**Aim of the task**:
Reproduce all entries precisely, down to the last character.

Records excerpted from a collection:
Start of Block

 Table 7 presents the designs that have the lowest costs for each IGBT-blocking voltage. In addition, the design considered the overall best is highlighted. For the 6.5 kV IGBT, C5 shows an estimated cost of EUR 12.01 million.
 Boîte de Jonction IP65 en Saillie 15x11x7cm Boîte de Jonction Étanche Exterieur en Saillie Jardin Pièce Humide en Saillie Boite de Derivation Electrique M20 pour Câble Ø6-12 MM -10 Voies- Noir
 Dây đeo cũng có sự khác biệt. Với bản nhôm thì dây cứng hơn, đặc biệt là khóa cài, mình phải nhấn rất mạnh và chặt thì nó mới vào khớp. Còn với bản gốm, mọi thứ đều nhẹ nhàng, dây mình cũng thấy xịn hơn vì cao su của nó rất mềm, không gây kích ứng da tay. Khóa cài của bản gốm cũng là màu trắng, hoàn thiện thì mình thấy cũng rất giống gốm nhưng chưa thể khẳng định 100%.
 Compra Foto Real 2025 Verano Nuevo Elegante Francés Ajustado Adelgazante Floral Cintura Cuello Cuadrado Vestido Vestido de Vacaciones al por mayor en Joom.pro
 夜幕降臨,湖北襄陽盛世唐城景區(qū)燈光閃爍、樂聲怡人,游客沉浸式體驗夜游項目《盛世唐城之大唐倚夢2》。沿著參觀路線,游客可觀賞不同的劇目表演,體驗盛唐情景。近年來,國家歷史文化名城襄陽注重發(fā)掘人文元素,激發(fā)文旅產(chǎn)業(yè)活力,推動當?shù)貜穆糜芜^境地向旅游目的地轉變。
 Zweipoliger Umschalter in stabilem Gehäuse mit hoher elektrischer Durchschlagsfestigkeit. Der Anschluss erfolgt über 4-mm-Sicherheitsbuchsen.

End of Block

**Output of the exercise**:
 Table 7 presents the designs that have the lowest costs for each IGBT-blocking voltage. In addition, the design considered the overall best is highlighted. For the 6.5 kV IGBT, C5 shows an estimated cost of EUR 12.01 million.
 Boîte de Jonction IP65 en Saillie 15x11x7cm Boîte de Jonction Étanche Exterieur en Saillie Jardin Pièce Humide en Saillie Boite de Derivation Electrique M20 pour Câble Ø6-12 MM -10 Voies- Noir
 Dây đeo cũng có sự khác biệt. Với bản nhôm thì dây cứng hơn, đặc biệt là khóa cài, mình phải nhấn rất mạnh và chặt thì nó mới vào khớp. Còn với bản gốm, mọi thứ đều nhẹ nhàng, dây mình cũng thấy xịn hơn vì cao su của nó rất mềm, không gây kích ứng da tay. Khóa cài của bản gốm cũng là màu trắng, hoàn thiện thì mình thấy cũng rất giống gốm nhưng chưa thể khẳng định 100%.
 Compra Foto Real 2025 Verano Nuevo Elegante Francés Ajustado Adelgazante Floral Cintura Cuello Cuadrado Vestido Vestido de Vacaciones al por mayor en Joom.pro
 夜幕降臨,湖北襄陽盛世唐城景區(qū)燈光閃爍、樂聲怡人,游客沉浸式體驗夜游項目《盛世唐城之大唐倚夢2》。沿著參觀路線,游客可觀賞不同的劇目表演,體驗盛唐情景。近年來,國家歷史文化名城襄陽注重發(fā)掘人文元素,激發(fā)文旅產(chǎn)業(yè)活力,推動當?shù)貜穆糜芜^境地向旅游目的地轉變。
 Zweipoliger Umschalter in stabilem Gehäuse mit hoher elektrischer Durchschlagsfestigkeit. Der Anschluss erfolgt über 4-mm-Sicherheitsbuchsen.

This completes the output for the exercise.